Rod Rafael
- Full name: Rodrigo Rafael
- Country (sports): Philippines
- Born: March 1, 1960 (age 65)

Singles
- Career record: 4–3 (Davis Cup)
- Highest ranking: No. 965 (15 May 1989)

Doubles
- Career record: 2–5 (Davis Cup)

Medal record
Southeast Asian Games
| Silver medal – second place | 1985 Bangkok | Mixed doubles |
| Silver medal – second place | 1985 Bangkok | Men's team |
| Silver medal – second place | 1987 Jakarta | Mixed doubles |
| Silver medal – second place | 1987 Jakarta | Men's team |
| Silver medal – second place | 1989 Kuala Lumpur | Men's team |
| Bronze medal – third place | 1985 Bangkok | Men's singles |

= Rod Rafael =

Filipino tennis player (born 1960)

Rodrigo Rafael (born March 1, 1960) is a Filipino former tennis player. He now lives in New York.

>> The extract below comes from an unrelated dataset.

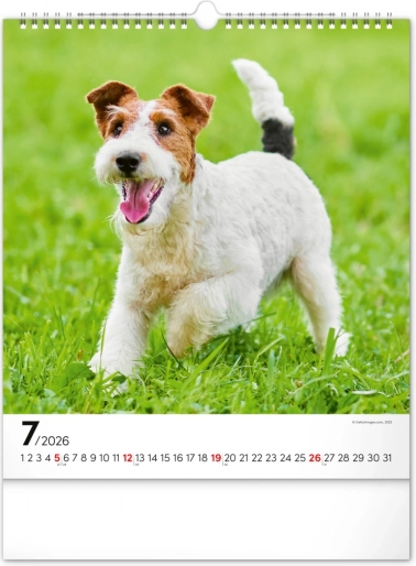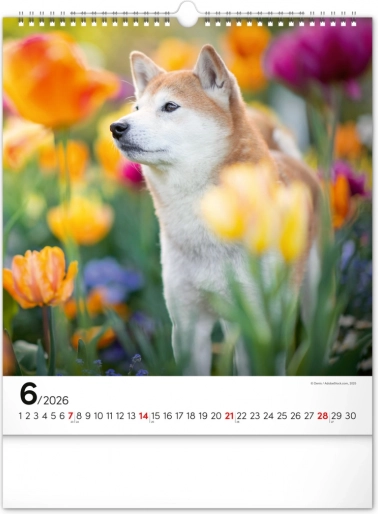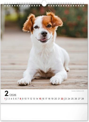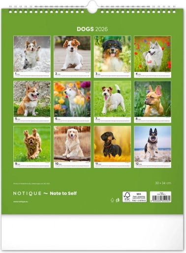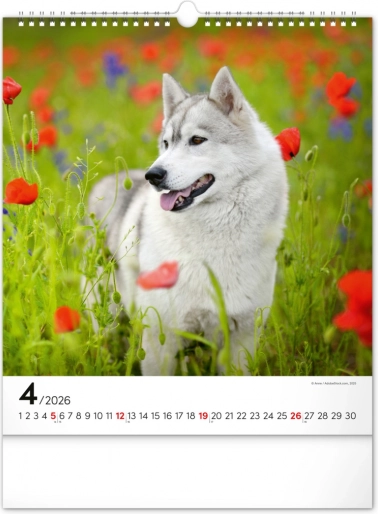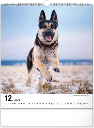 Nástěnný kalendář Psi 2026 je ideální volbou pro milovníky psů. Nabízí krásné snímky dvanácti různých psích plemen na bílém pozadí.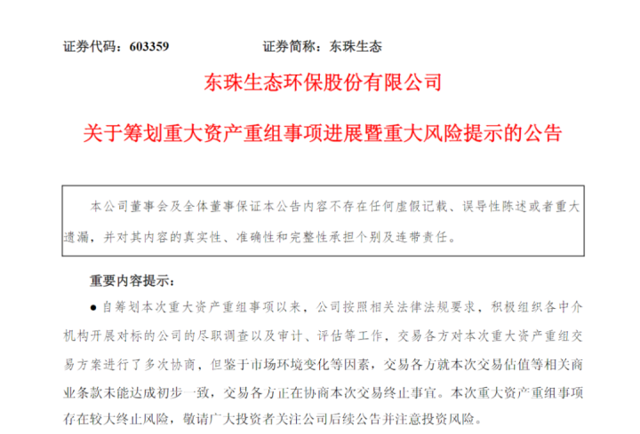 回溯交易筹划过程,东珠生态因筹划重大资产重组,股票自2025年8月27日开市起停牌。同年9月9日,公司召开了第六届董事会第三次会议,审议通过了《关于及其摘要的议案》等与本次交易相关的议案。公司股票于2025年9月10日复牌。复牌后股票连拉三个涨停板,此后回调。复牌后公司逐月披露一次进展公告,直至本次披露重大风险提示。

Rafael trained out of the Olivarez Tennis Center in Parañaque and was active on the international tour in the 1980s.

Between 1985 and 1989 he featured in 10 ties for the Philippines Davis Cup team, winning four singles and two doubles rubbers. He was also a medalist for the Philippines in multiple editions of the Southeast Asian Games in the late 1980s.